[Aim of the exercise] Leave out the pictures and restate the rest of the data exactly.
----
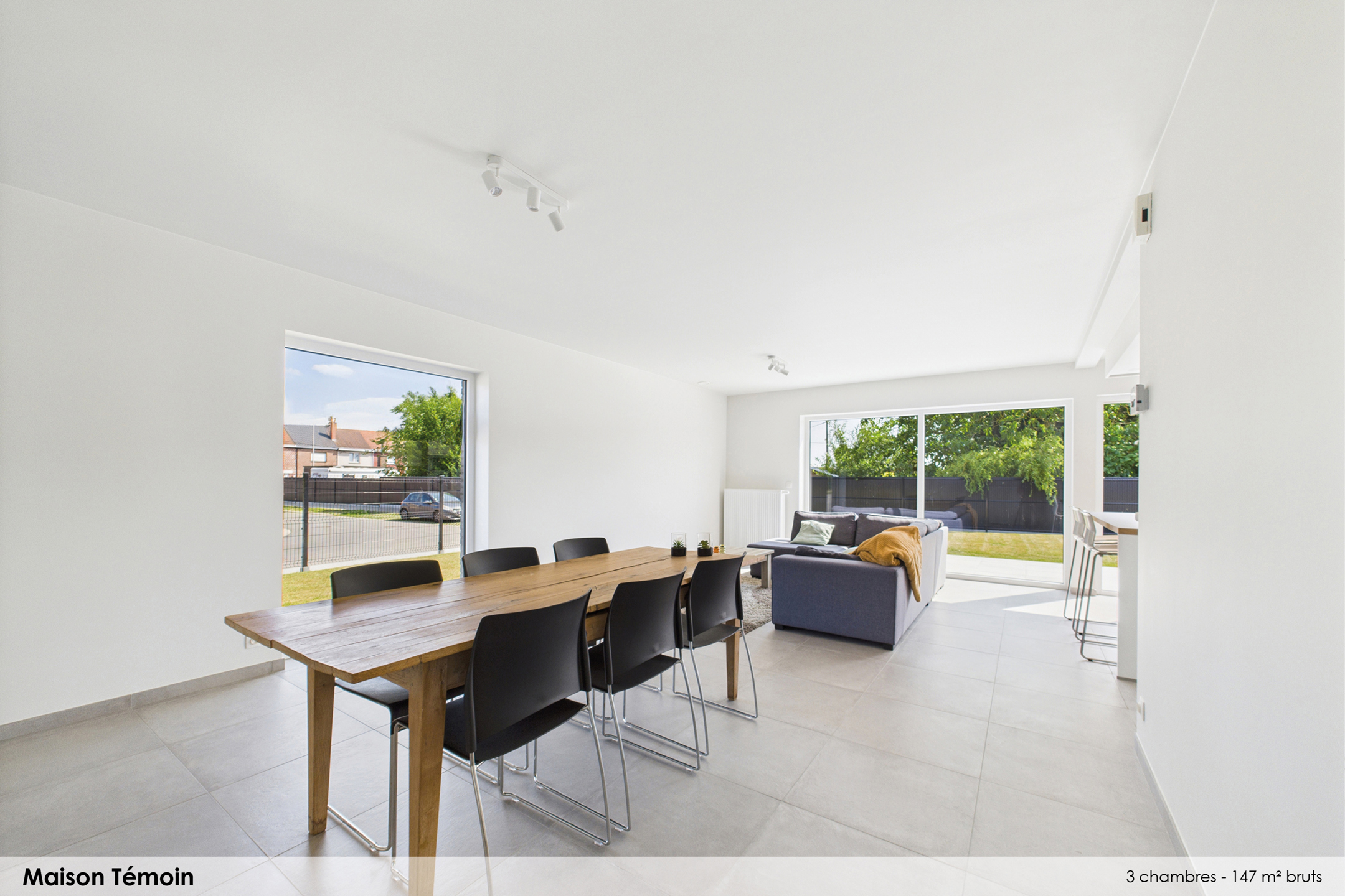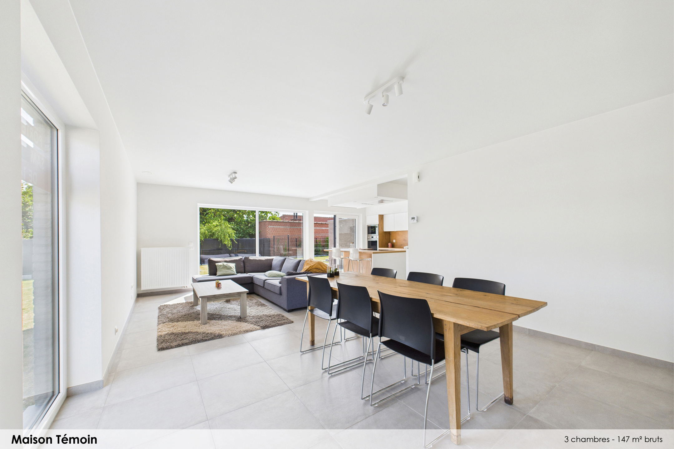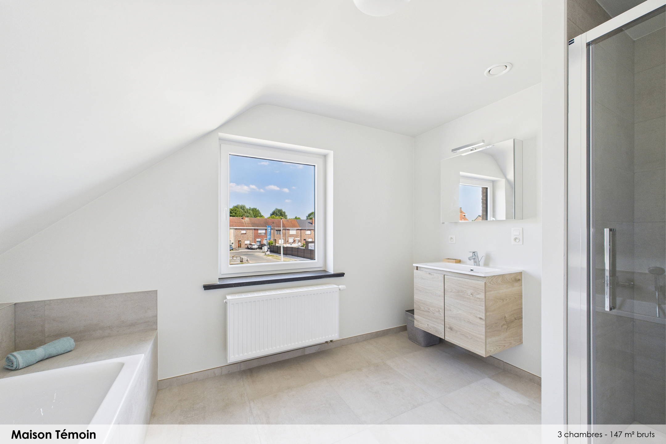 Maison 3 chambres avec jardin, garage et parking à Herseaux Prestations- Agencement - Rez-de-chaussée : hall d`entrée, WC séparé avec lave-mains, séjour avec cuisine ouverte VERVENNE- Agencement - Etage : 3 chambres dont une avec dressing et salle de bains avec douche, baignoire, meuble vasque et WC- Espaces extérieurs : terrasse carrelée et jardin clôturé non engazonné- Confort et [..]
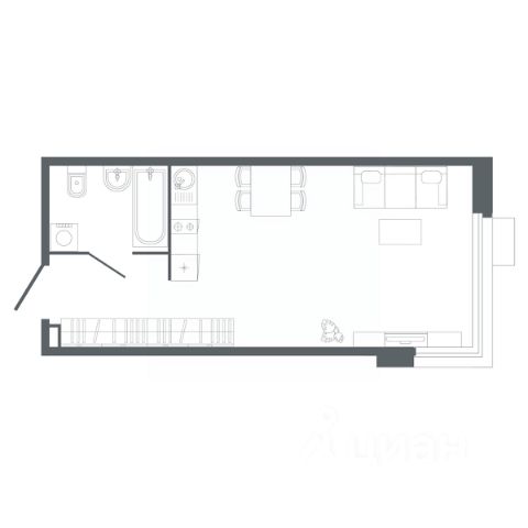 Студия в квартале "Траектория". Особенности планировки: балкон, предчистовая отделка.
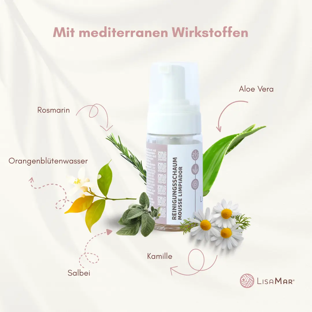 | Inhaltsstoffe Reinigungsschaum | Aqua, Rosmarinus officinalis flower/leaf/stem water*, Aloe barbadensis leaf juice*, Glycerin, Citrus aurantium amara flower water*, Lavandula angustifolia oil*, Salvia officinalis leaf extract, Chamomilla recutita flower extract, Olea europaea leaf extract, Rosmarinus officinalis leaf extract, Sodium hyaluronate, Sodium coco-sulfate, Lauryl glucoside, Benzyl alcohol, Cocamidopropyl betaine, Sodium cocoyl glutamate, Potassium sorbate, Alcohol, Caprylyl/capryl glucoside, Sodium benzoate, Parfum (natural fragance raw material), Lactic acid, Linalool**. (*) Bio zertifizierte Inhaltsstoffe (**) Inhaltsstoffe aus natürlichen ätherischen Ölen |
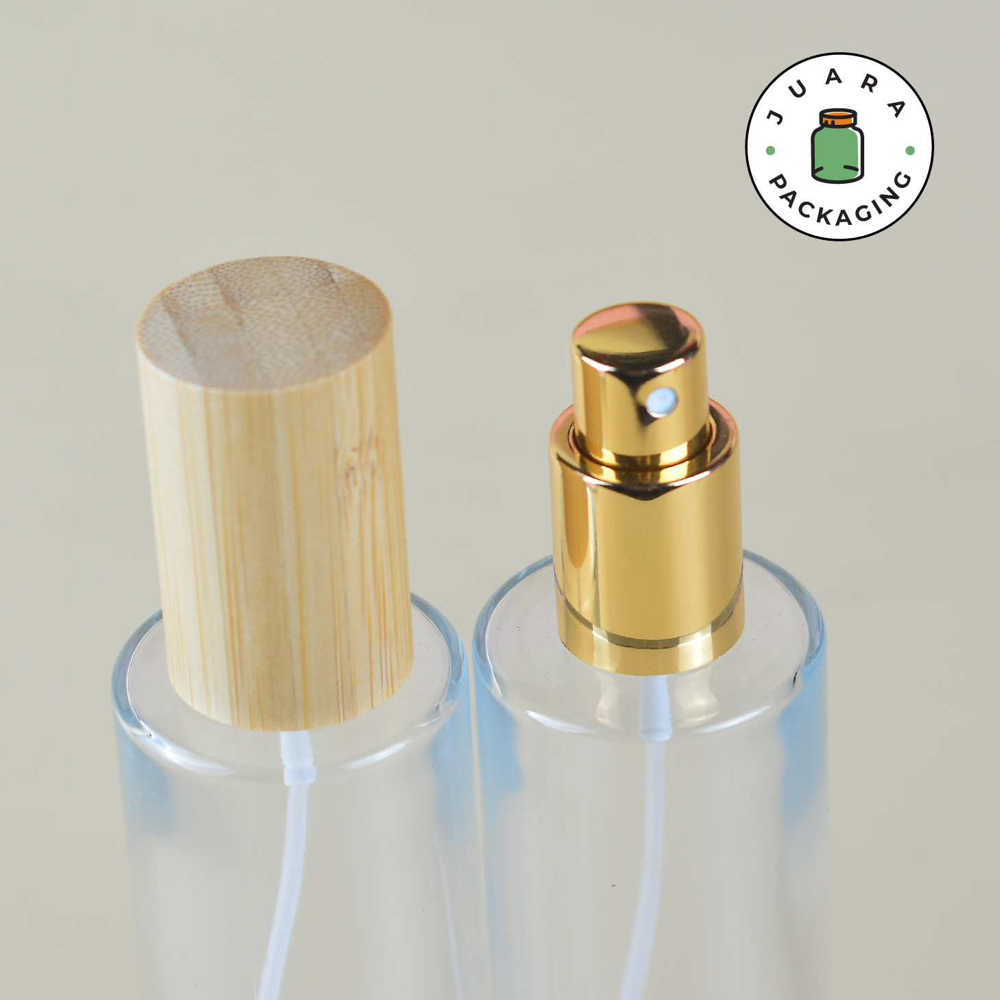 Botol Spray Kaca 150ml terbuat dari kaca tebal bening berkualitas tinggi, dirancang dengan spray gold dan drat ulir yang praktis. Tutup kayu menambah sentuhan elegan dan alami, menjadikannya pilihan sempurna untuk parfum atau produk perfume Anda. Kemasan produk ini menghadirkan tampilan mewah sekaligus fungsional.
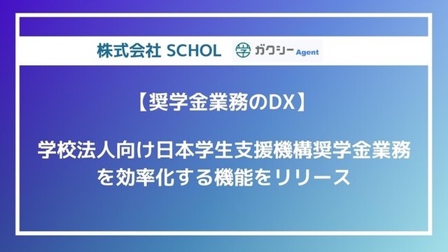 SCHOL社は、学生向けには日本に存在するほぼ全ての奨学金1万4,000件以上をランキングや様々な条件で検索できるサイト「ガクシー」を、奨学金運営団体向けには運営業務を一元化できるクラウド型の奨学金運営DXシステム「ガクシーAgent」を提供することにより、この課題の解決を行っていきます。
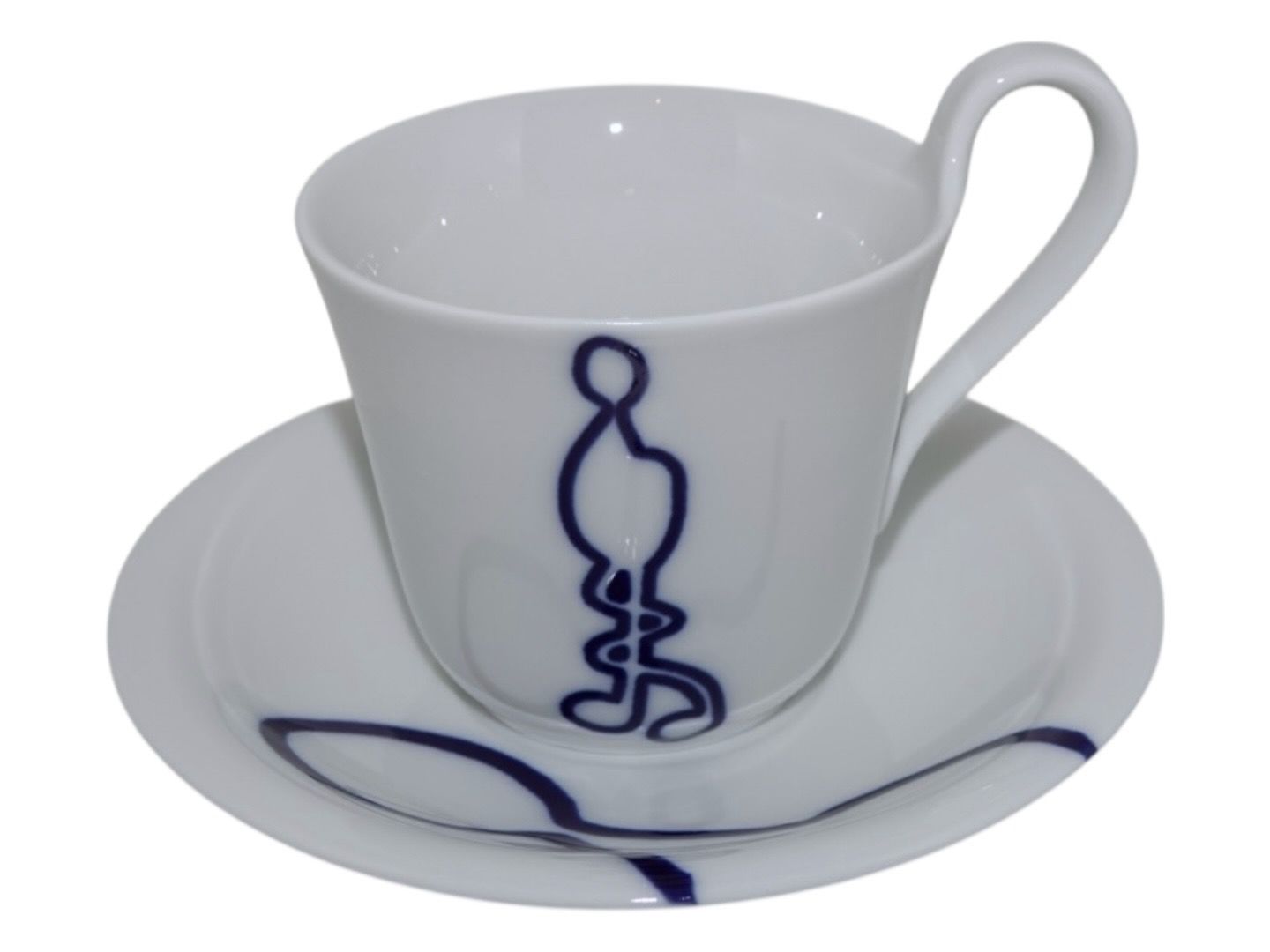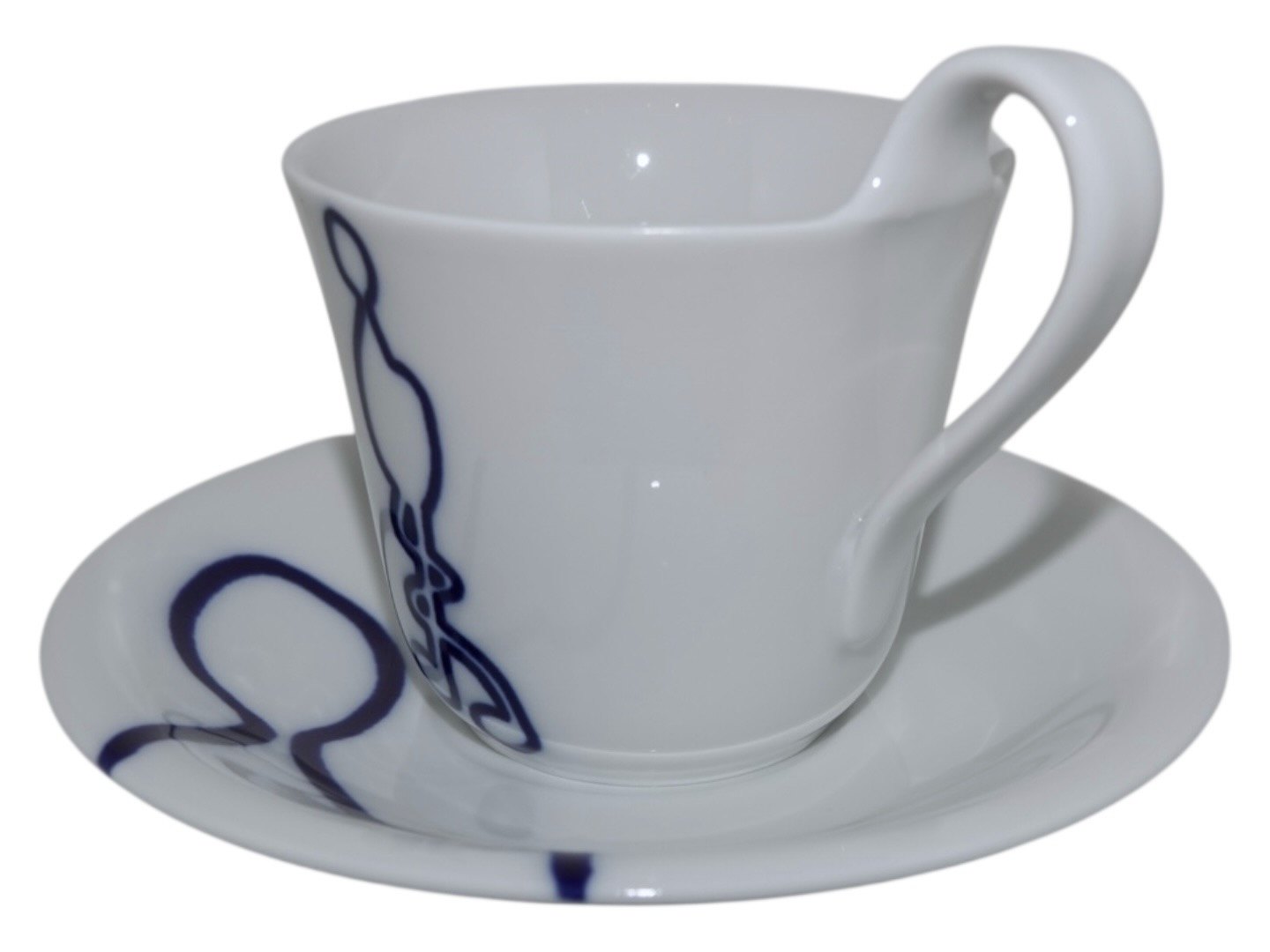 Royal Copenhagen Musica, højhankskop med tilhørende underkop. Dekoration E.
----
[Result of this exercise]
 Maison 3 chambres avec jardin, garage et parking à Herseaux Prestations- Agencement - Rez-de-chaussée : hall d`entrée, WC séparé avec lave-mains, séjour avec cuisine ouverte VERVENNE- Agencement - Etage : 3 chambres dont une avec dressing et salle de bains avec douche, baignoire, meuble vasque et WC- Espaces extérieurs : terrasse carrelée et jardin clôturé non engazonné- Confort et [..]
 Студия в квартале "Траектория". Особенности планировки: балкон, предчистовая отделка.
 | Inhaltsstoffe Reinigungsschaum | Aqua, Rosmarinus officinalis flower/leaf/stem water*, Aloe barbadensis leaf juice*, Glycerin, Citrus aurantium amara flower water*, Lavandula angustifolia oil*, Salvia officinalis leaf extract, Chamomilla recutita flower extract, Olea europaea leaf extract, Rosmarinus officinalis leaf extract, Sodium hyaluronate, Sodium coco-sulfate, Lauryl glucoside, Benzyl alcohol, Cocamidopropyl betaine, Sodium cocoyl glutamate, Potassium sorbate, Alcohol, Caprylyl/capryl glucoside, Sodium benzoate, Parfum (natural fragance raw material), Lactic acid, Linalool**. (*) Bio zertifizierte Inhaltsstoffe (**) Inhaltsstoffe aus natürlichen ätherischen Ölen |
 Botol Spray Kaca 150ml terbuat dari kaca tebal bening berkualitas tinggi, dirancang dengan spray gold dan drat ulir yang praktis. Tutup kayu menambah sentuhan elegan dan alami, menjadikannya pilihan sempurna untuk parfum atau produk perfume Anda. Kemasan produk ini menghadirkan tampilan mewah sekaligus fungsional.
 SCHOL社は、学生向けには日本に存在するほぼ全ての奨学金1万4,000件以上をランキングや様々な条件で検索できるサイト「ガクシー」を、奨学金運営団体向けには運営業務を一元化できるクラウド型の奨学金運営DXシステム「ガクシーAgent」を提供することにより、この課題の解決を行っていきます。
 Royal Copenhagen Musica, højhankskop med tilhørende underkop. Dekoration E.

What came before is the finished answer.